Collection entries
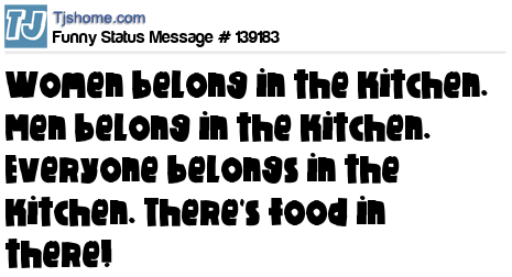 X Women belong in the kitchen. Men belong in the kitchen. Everyone belongs in the kitchen. There's food in there!
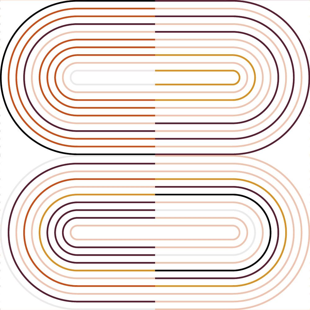 About "Retro industrial geometry with lines in pastel colors nr. 5 in yellow, red, black, yellow, beige"
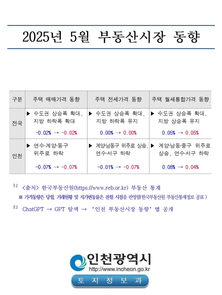 - 부동산시장 동향 및 아파트 실거래가→ ChatGPT 공개 - [인천 세계타임즈=심하린 기자] 인천광역시(시장 유정복)는 2025년 5월 주택 매매가격이 전월과 동일한 수준으로 하락했다고 밝혔다.
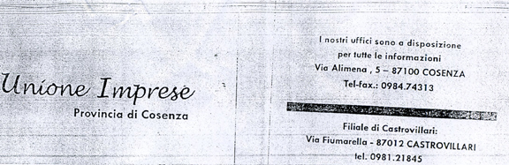 UNIONE IMPRESE ASSOCIAZIONE DEI COMMERCIANTI, DEGLI ARTIGIANI E DELLE PICCOLE E MEDIE IMPRESE, SI È FORMATA NELLA PROVINCIA DI COSENZA DA CIRCA DUE ANNI COME MOMENTO DI DISTACCO DALLA CONFCOMMERCIO E DAL SUO MODO DI RAPPRESENTARE I COMMERCIANTI E GLI OPERATORI DEL TERZIARIO E DEI SERVIZI. A CASTROVILLARI L' ASSOCIAZIONE COMUNICA L'INSEDIAMENTO DI UN DIRETTIVO COMPOSTO DA 12 IMPRENDITORI LOCALI E DELLA ZONA CON L'OBIETTIVO DI TORNARE A RAPPRESENTARE UN PUNTO DI RIFERIMENTO PER LE CATEGORIE INTERESSATE. L'ORGANO DIRIGENTE DELL'ASSOCIAZIONE RISULTA COMPOSTO DA: LUCA ANNICCHIARICO, DOMENICO CAMPILONGO, FILOMENA CERCHIARA, RINO CONTESI, GIANNI COVELLI, FRANCESCO GRANITO, CARMINE GRECO, VINCENZO LAITANO, DOMENICO MALARA, VALENTINO MARI, SPINICCI, PINO SANGIOVANNI. QUESTO DIRETTIVO.NELLA RIUNIONE DEL 9 OTTOBRE U.S. HA INDIVIDUATO IN VALENTINO MARI IL PRESIDENTE CHE GUIDERÀ L'ASSOCIAZIONE NELL'ANNO 2009-2010.SONO STATI ELETTI INOLTRE UN VICEPRESIDENTE (CONTESI) ED UN SEGRETARIO (FILOMENA CERCHIARA). LE DUE LINEE GUIDA CHE ISPIRERANNO IL PROGRAMMA DELL'ASSOCIAZIONE UNIONE IMPRESE SONO QUELLE DI TORNARE A RAPPRESENTARE IN MANIERA IMPORTANTE E ADEGUATA LE ESIGENZE E LE ISTANZE ORDINARIE E STRAORDINARIE DEGLI ASSOCIATI E DELLE CATEGORIE RAPPRESENTATE, FORNENDO SERVIZI CHE PERALTRO NON SONO MAI STATI INTERROTTI, ANZI ALCUNI ADDIRITTURA POTENZIATE, PONENDOSI NUOVAMENTE ALLA TESTA DEGLI OPERATORI CHE PER TROPPO TEMPO NON SONO STATI TUTELATI E RAPPRESENTATI NEI CONFRONTI DEGLI INTERLOCUTORI ISTITUZIONALI ( BANCHE, FORNITORI, CONSUMATORI, ENTI LOCALI ECC... ). ALTRO OBIETTIVO IMPORTANTE SARÀ QUELLO DI AMPLIARE LA BASE PERALTRO GIÀ COSPICUA DEI TESSERATI ATTRAVERSO LA PROPOSTA DI CONVENZIONI E SERVIZI TENDENTI A MIGLIORARE LA QUALITÀ DELLA VITA DELLE CENTINAIA DI PICCOLE E MEDIE IMPRESE DI CARATTERE COMMERCIALE ED ARTIGIANO PRESENTI SUL TERRITORIO. |
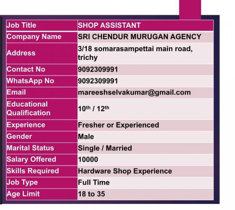திருச்சியில் செயல்பட்டு வரும் ஸ்ரீ செந்தூர் முருகன் ஏஜென்சி நிறுவனத்தில் கீழ்க்கண்ட பணியிடத்திற்கு வேலை வாய்ப்பு அறிவிக்கப்பட்டுள்ளது.
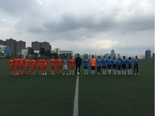 赛前,队员们个个激情满怀,积极做好热身准备。随着裁判的一声哨响,两支球队在绿茵场上展开了激烈的角逐,球员们尽情的展示着团队的热情与默契,挥洒着自己的汗水。半场哨响,我校女队以2:1的比分领先上半场。
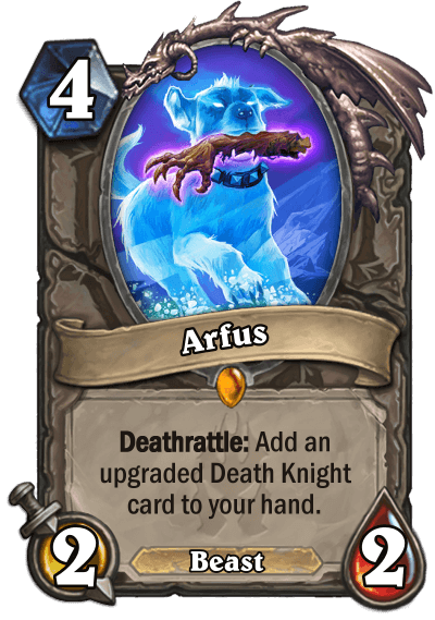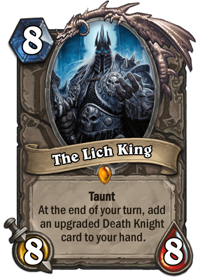 A known fact is that cards generated by the Lich King minion and Arfus will be included in the class as collectible cards, but with slight tweaking or as complete reworks. Because of this the text of both minions have been updated to avoid any confusion."
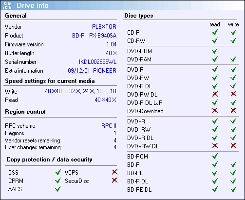 Opti Drive Control also shows that the PX-B940SA is an RPC-2 DVD drive. This means that the drive's region is stored in the firmware. The region can be changed five times and after that it cannot be changed anymore. Unfortunately, a patched RPC-1 firmware is not yet available for this drive.
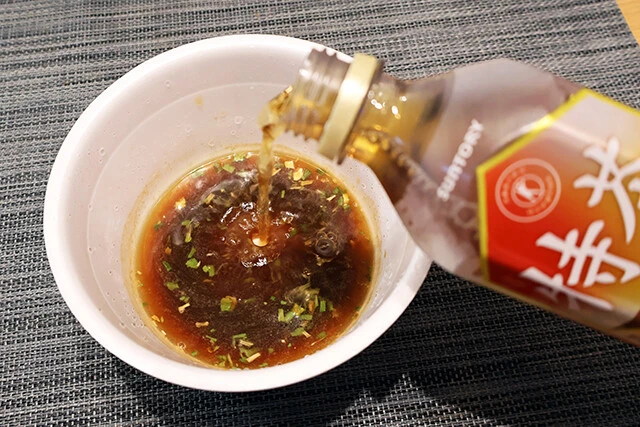 野島 次はどん兵衛天ぷらそばの冷やしを冷水ではなく、サントリーの特茶ほうじ茶で作るトクホどん兵衛です。ほうじ茶でどん兵衛を作るとうまみが増幅するし、スープも爽やかで抜群にウマくなるんですが、トクホ茶で作れば天ぷらやフライ麺を食べる罪悪感がゼロになります!
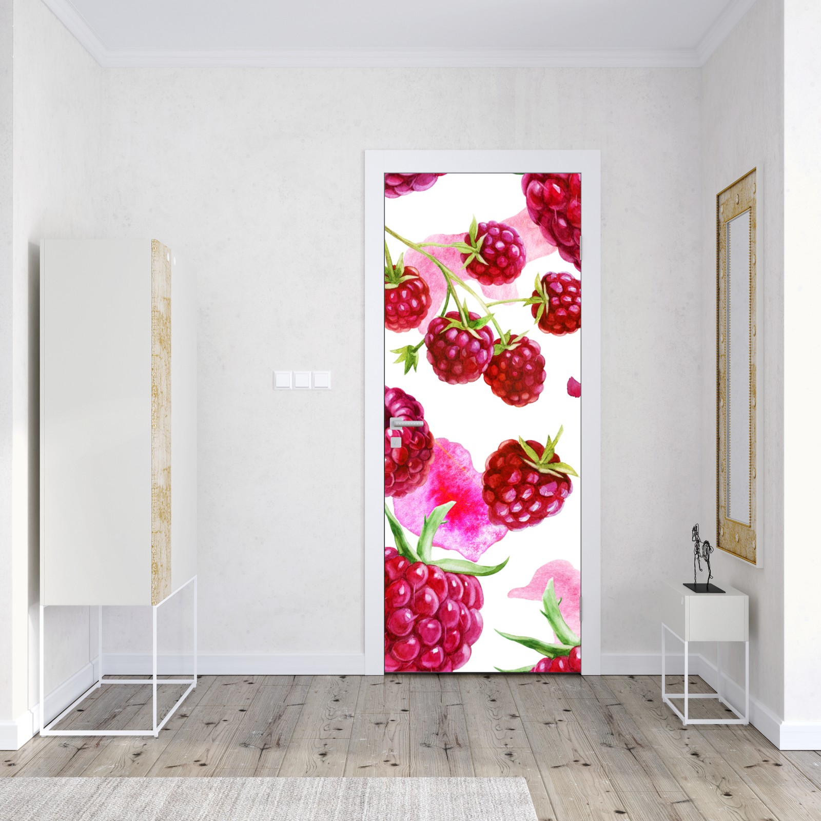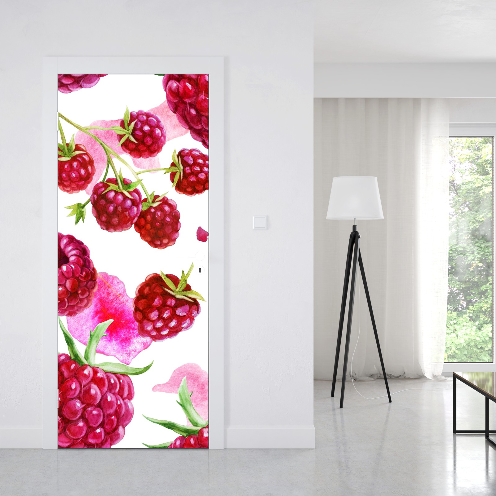 lebhafte aquarell himbeeren bilden ein frisches, verspieltes muster, das küche und esszimmer aufhellt.
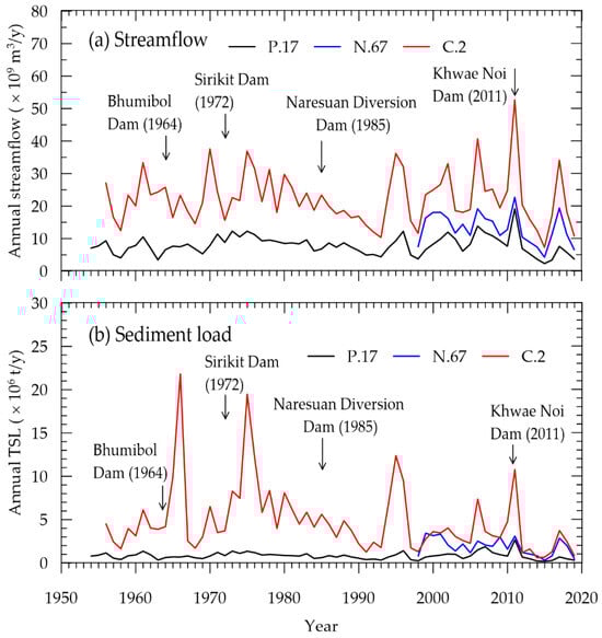 Chronological sequence of (a) annual streamflow and (b) annual TSL at RID Stations P.17, N.67, and C.2 from 1954 to 2019.
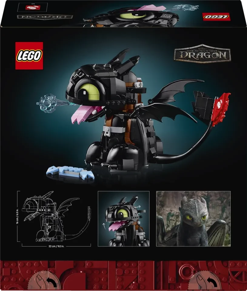 Composto da 784 pezzi, il set presenta dettagli intricati che danno vita a Toothless, tra cui una sella, una pinna caudale riparata e articolazioni che consentono di assumere pose versatili. Il modello include anche accessori come un pesce e attacchi per esplosioni di plasma, offrendo una gamma di opzioni di esposizione che catturano l'essenza dei film.
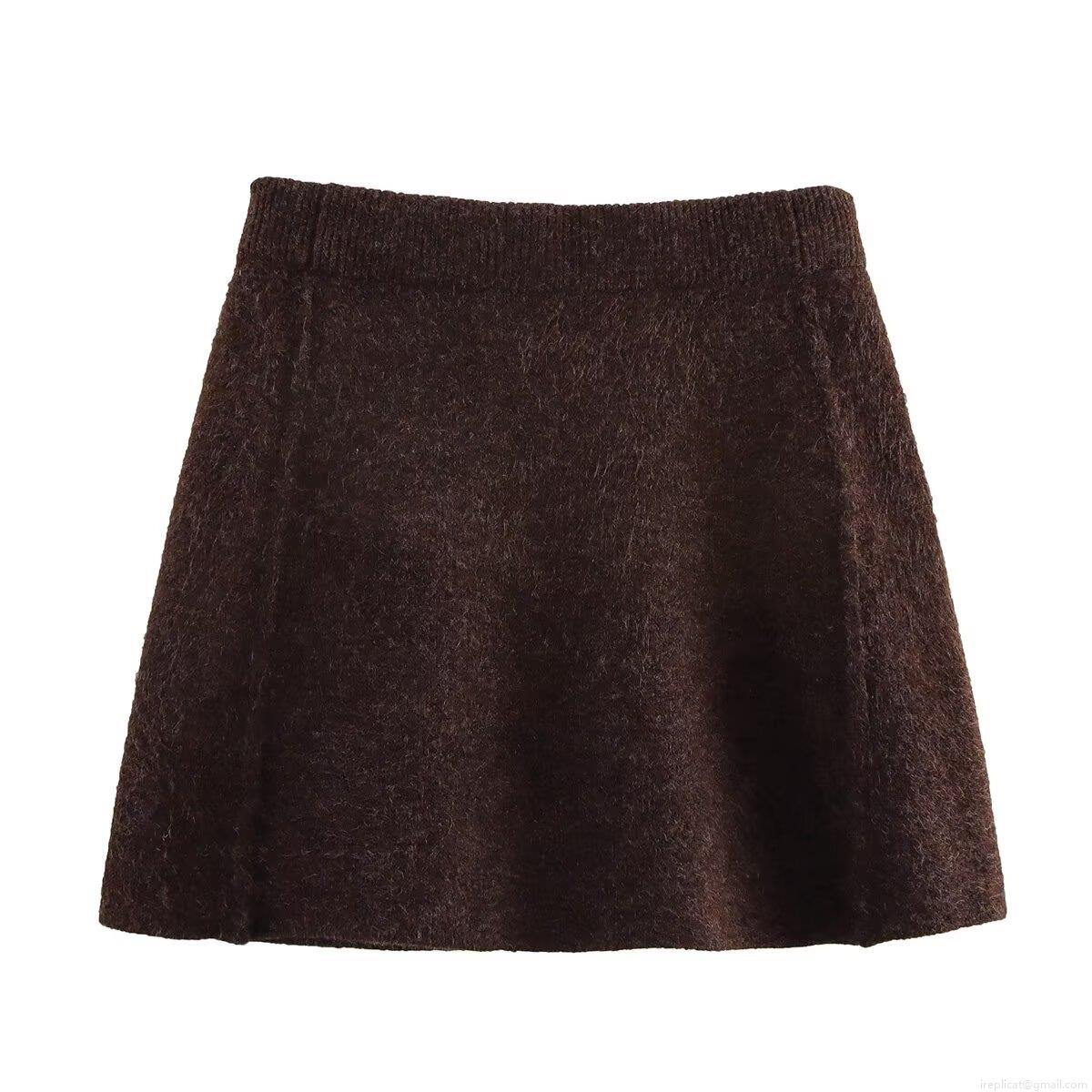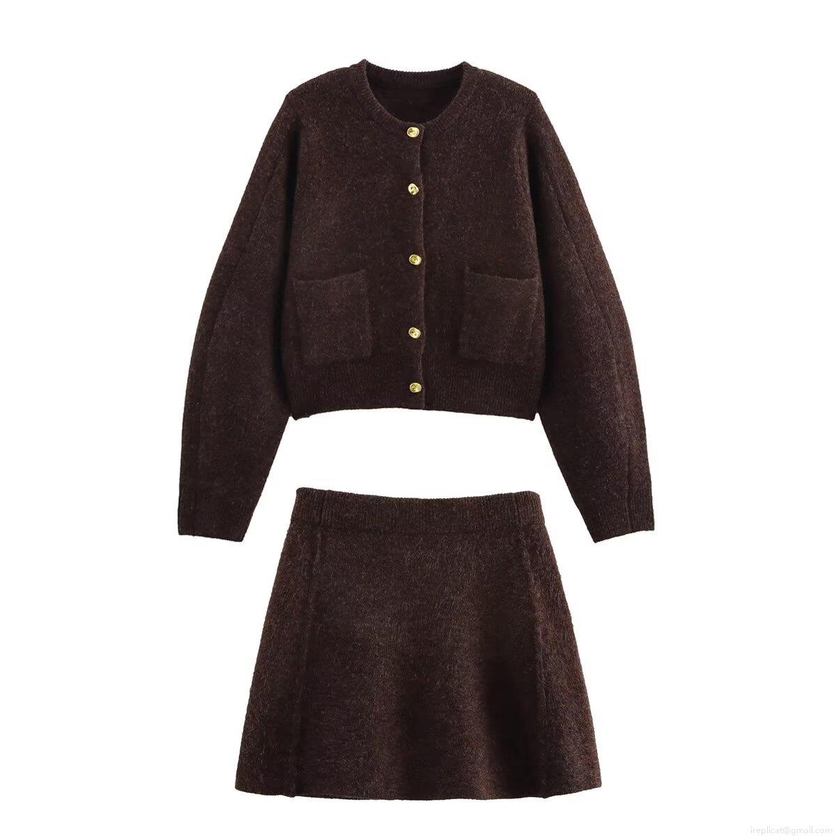 • Women's 2-Piece Knitted Skirt Set Button Down Plush Cardigan And A-Line Mini Skirt Streetwear Casual Brown Outfit For Women
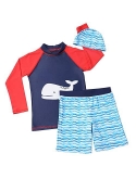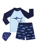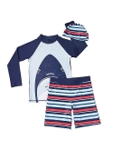 Two-piece swim set with long-sleeve rashguard and swim trunk. Swim trunk with elastic waistband and drawstring closure for secure fit

• [Problem to work on]:
Pictures excluded, output exactly the line that contains "Composto da 784" and every line after it to the end of the data above.

• [Result for this exercise]:
 Composto da 784 pezzi, il set presenta dettagli intricati che danno vita a Toothless, tra cui una sella, una pinna caudale riparata e articolazioni che consentono di assumere pose versatili. Il modello include anche accessori come un pesce e attacchi per esplosioni di plasma, offrendo una gamma di opzioni di esposizione che catturano l'essenza dei film.
 • Women's 2-Piece Knitted Skirt Set Button Down Plush Cardigan And A-Line Mini Skirt Streetwear Casual Brown Outfit For Women
 Two-piece swim set with long-sleeve rashguard and swim trunk. Swim trunk with elastic waistband and drawstring closure for secure fit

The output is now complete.